For women and young people all over the world, the viability of the planet and its survival has become a huge concern. China is a major source of greenhouse gas and carbon dioxide. Nepal must definitely raise this issue, including ways in which China could phase out coal and move to clean energy. With global warming, we are losing our glaciers and Himalayan rivers. About 1.3 billion people (Nepalese and Indians) depend upon these rivers for drinking water, irrigation and livelihoods. They are also sacred to Hindus. We cannot afford to lose these rivers. What are some of the things that China can do to offset its carbon footprint so that we can slow and stall the melting of the glaciers?

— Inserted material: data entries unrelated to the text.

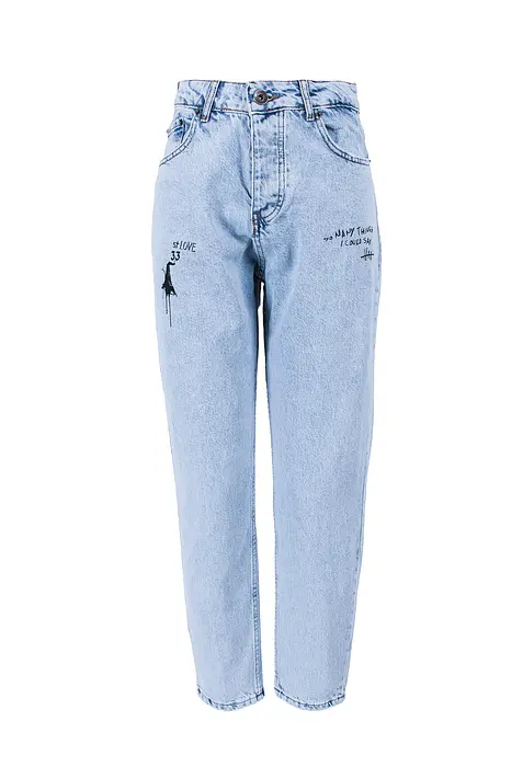 Светли дънки с текстов принт, Син, Памук, тип Mom, Текст,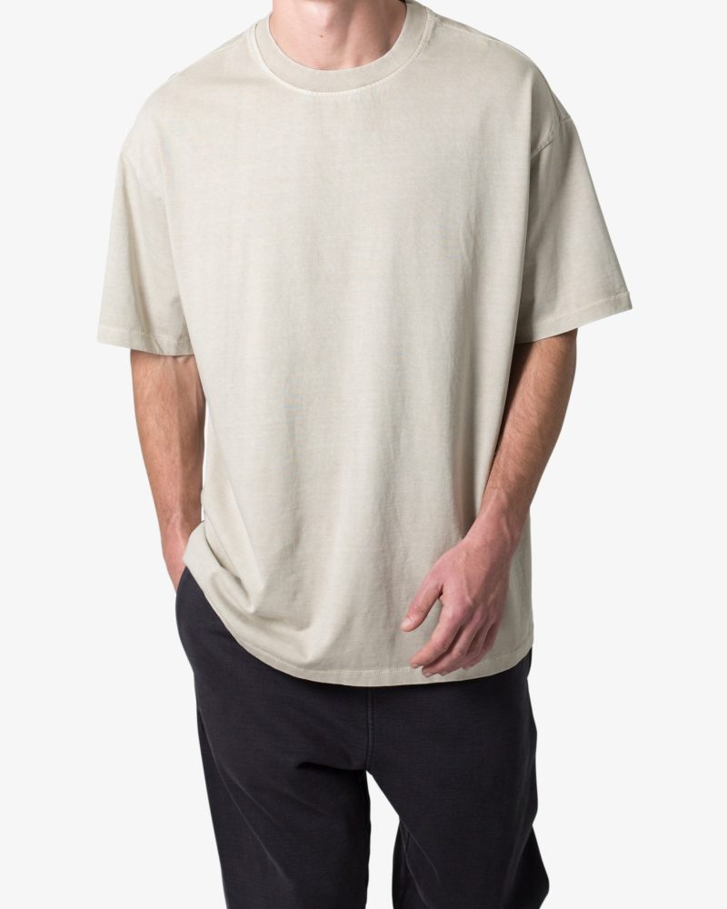 Our Heavy Every Day Tee is crafted from heavyweight 300 gsm cotton for unmatched quality and comfort. Featuring a garment-dyed jersey-knit for a luxurious feel and a contemporary relaxed fit. these tees offer a relaxed. yet refined fit. The unique combination of a wider fit and subtle crop brings a modern twist to your every day wardrobe.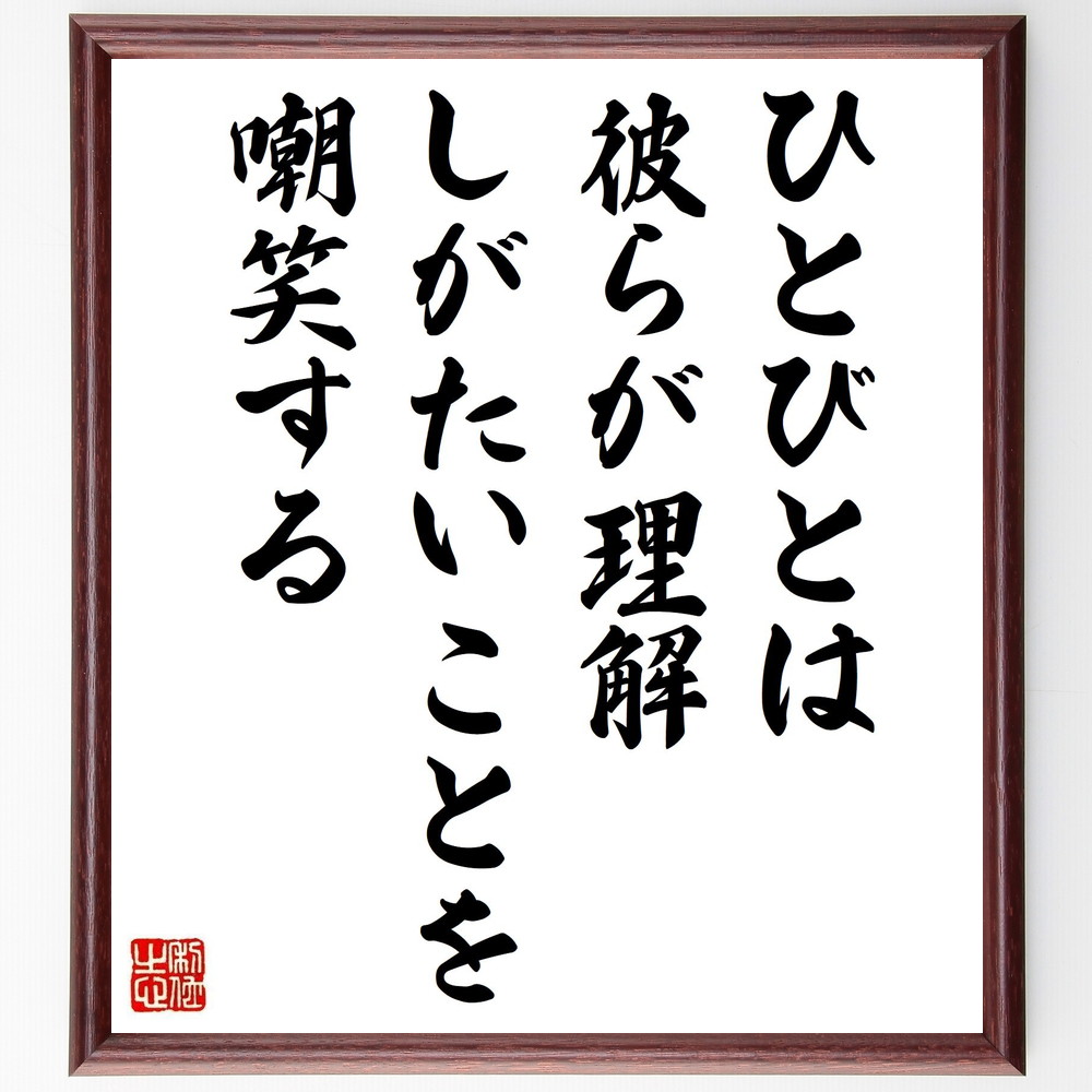 アーサー・コナン・ドイルの名言「ひとびとは、彼らが理解しがたいことを嘲笑する」を、千言堂の専属書道家が気持ちを込めて手書き直筆いたします。この言葉(ひとこと)は名言集や本・書籍などで紹介されることも多く、座右の銘にされている方も多いようです。ぜひ、ご自宅の玄関、リビング、部屋、書斎、またビジネスを営む会社のオフィスや店舗の事務所、応接室などにお飾りください。大切な方への贈り物・プレゼントにもおすすめです。一点一点が直筆のため、パソコン制作のような完璧さはございませんが、手書きの良さを感じていただけます。当店では挑戦、努力、成功、幸福、感謝、成長、家族、仕事、自己啓発など様々なテーマから人生の糧となる名言、四字熟語、諺、故事成語、格言を厳選、毛筆で直筆、お届けしています。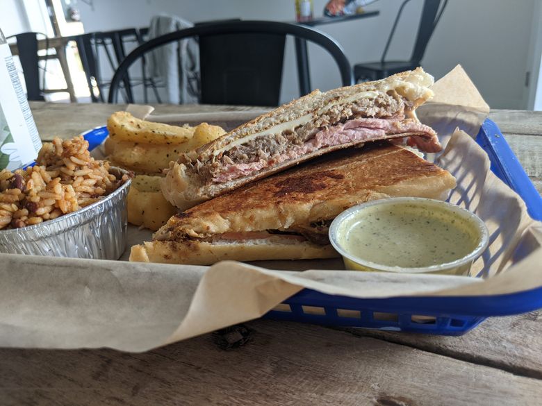 Here, you’ll run right into Cubanos on Wheels cafe (22341 Marine View Drive S., Suite E; 253-326-1244; cubanosonwheelsllc.com), which specializes in “Cuban fusion with a Southern flair.” I ordered a classic Cubano sandwich ($13.99), a side of yucca fries ($6) and a guava pastelito ($4). The sandwich’s crackly pressed exterior gave way to juicy roast pork and sliced ham topped with thin sliced pickles, oozy Swiss American cheese and a tangy mustard. The sandwich is delightfully messy — drips of pork fat are apt to run down your hand while you’re eating. The salty, starchy, pillowy yucca sticks are perfect on their own, but also nice dunked into the creamy garlic sauce that accompanies the sandwich. The cream cheese and guava pastelito was flaky and rich. (I should’ve saved it for the boat ride home.)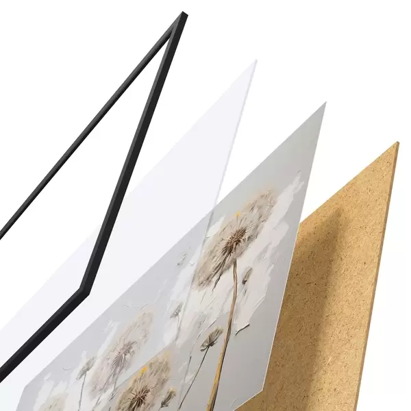 Il poster è composto da cornice, plexiglass, immagine stampata e supporto in truciolato. Il poster può essere immediatamente appeso alla parete grazie ai supporti sul retro.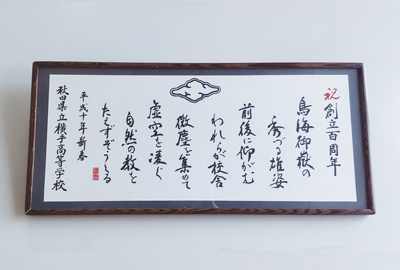 ニュース 事務局より 「祝 創立百周年 大野石齋揮毫 校歌手拭額装」の寄贈 投稿日: 2025年10月16日 阿部宗脩氏(横手市根岸町在住)より「祝 創立百周年 大野石齋揮毫 校歌手拭額装」を寄贈していただきました。 校歌手拭は平成10年(1998)創立100周年の記念として関係者に配布されたものです。 阿部氏によると、手拭単独で保管すると置き忘れたり布の経年劣化も危惧されるため、額装という形で保存してくださったとのことです。 校歌手拭は、横手市出身の書家大野石斎氏(1925~2013)の揮毫で、格調高い歌詞を流麗な墨跡で表現しています。 関連投稿 令和元年度 関西美入野会総会・記念トーク・懇親会開催される 高橋透校長、名誉会長に就任 令和6年度 美入野会総会のお知らせ 過去の投稿 仙台美入野会総会開催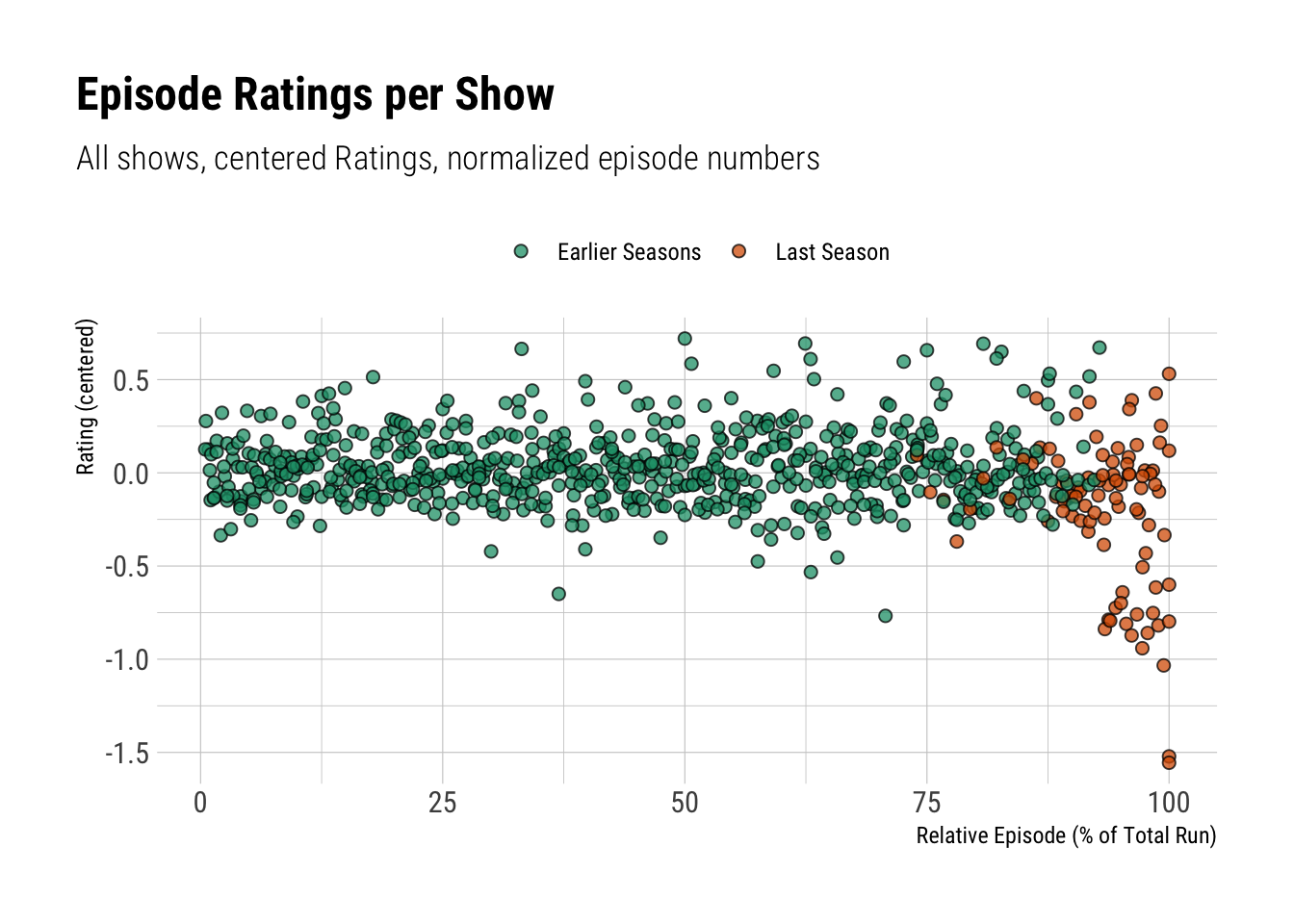 Now we’ll look at the previous plot, but highlight the last seasons of our shows: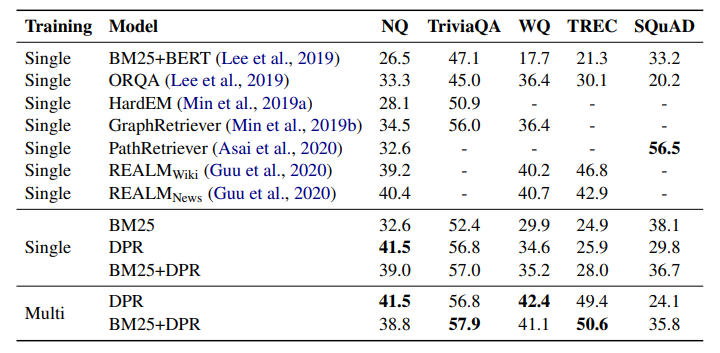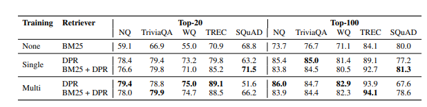 -TREC, WebQuestions, TriviaQA 데이터셋은 질문, 답변 쌍만 제공되기 때문에 BM25의 상위 문서를 긍정 문서로 사용하고, 답변이 포함된 문서가 없는 경우 폐기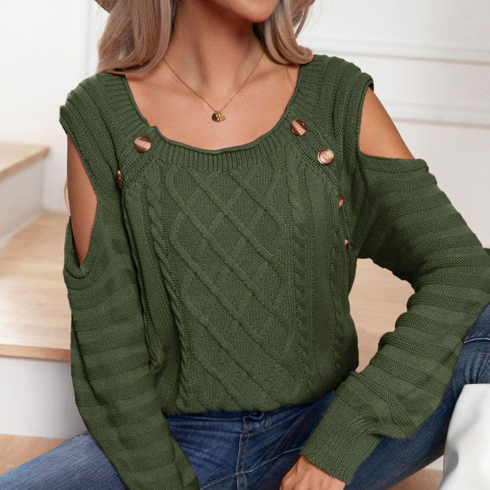 Give a little feminine style to your winter sweater. This fisherman jumper is crafted with soft acrylic yarns and features unique cable textures with the skin-revealing shoulder cutouts. which is a smart combination of femininity and nostalgia. The buttons are dotted on the front. making it a perfect choice to be worn alone. adding more detail to your autumn knitwear fashion. Keep it simple and casual with denim jeans.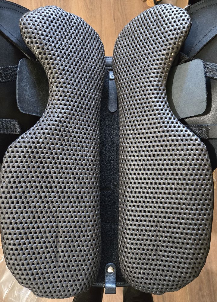 Historically, Ghost panels had 3 layer inserts. Formo - a thin, stiff material to aid in distributing weight along the length. 2cm dense foam - a composite foam that assists in weight distribution and maintains the same properties (tested) from 0 to 120 degrees F. The third layer is potentially optional and can be 1 or 2cm thick black foam. It's soft, flexible, less dense which can add a little more thickness for spine clearance or softness for "bonier" horses and kind of just feels good in the hands. But it will squish and require the rider to additionally check girth tightness after mounting and for a light rider, keeps them a little perched, especially in a new saddle.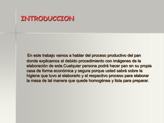 Este documento describe el proceso de producción del pan. Explica los ingredientes necesarios como harina, levadura, sal y agua tibia. Luego detalla los pasos del proceso que incluyen mezclar los ingredientes para formar una masa elástica, dejarla reposar para que duplique su volumen, darle forma, hornearlo y finalmente degustarlo. El proceso productivo del pan se realiza de forma casera y económica siguiendo estos pasos.

This brings me to plastic. China has long depended upon the plastic industry to boost its exports and create the new wealth which has uplifted its population. However, plastic can no longer be the material on which it builds its prosperity. Plastic’s impact on people, animals, birds and all living creatures are now well-known. We are being inundated with this material which neither biodegrades nor provides any value to soil, air and water, other than causing their desecration. China has to move away from plastic as its backbone, and look for new materials that ideally nourish the soil and air, or at least do not cause harm. It has already stopped the export of plastic waste from America and other countries into China through “Operation National Sword,” citing pollution. Now it needs to stop the manufacture of plastic, and quickly reinvest in new green options so that it can stay ahead in the plastic alternative game.
I was at my local shop the other day when a young teenager walked up with one of those disposable coffee containers ubiquitous in the West, but which we hadn’t seen in Nepal so far. Now with China’s burgeoning exports through new online websites, we are seeing these lethal objects in Nepal. The only way to dispose of these single use plastic containers is to incinerate them. This contributes to Kathmandu’s deathly pollution, as well as to the region’s global warming. This has to stop, on both a moral and ethical basis. This is not development or prosperity. This is madness. We are working to destroy our own future generations on this planet when we choose these materials as our base.
In addition, there are several points of disagreement which Nepal as a democratic country has with China. We cannot support the kind of surveillance which has become commonplace in China and which is state-endorsed. People should not be monitored by these surveillance programs — this is a fundamental violation of people’s rights to privacy. These surveillance technology are now commonplace in HongKong as well, which is an alarming trend. China must resolve its differences with HongKong peaceably, including respecting the terms and conditions with which HongKong was handed over by the British. In addition, Nepal cannot support China’s treatment of the Uighurs. These programs of coercion and indoctrination must end, and programs which encourage Uighur youths to start small businesses and move away from radicalization must be put in place instead.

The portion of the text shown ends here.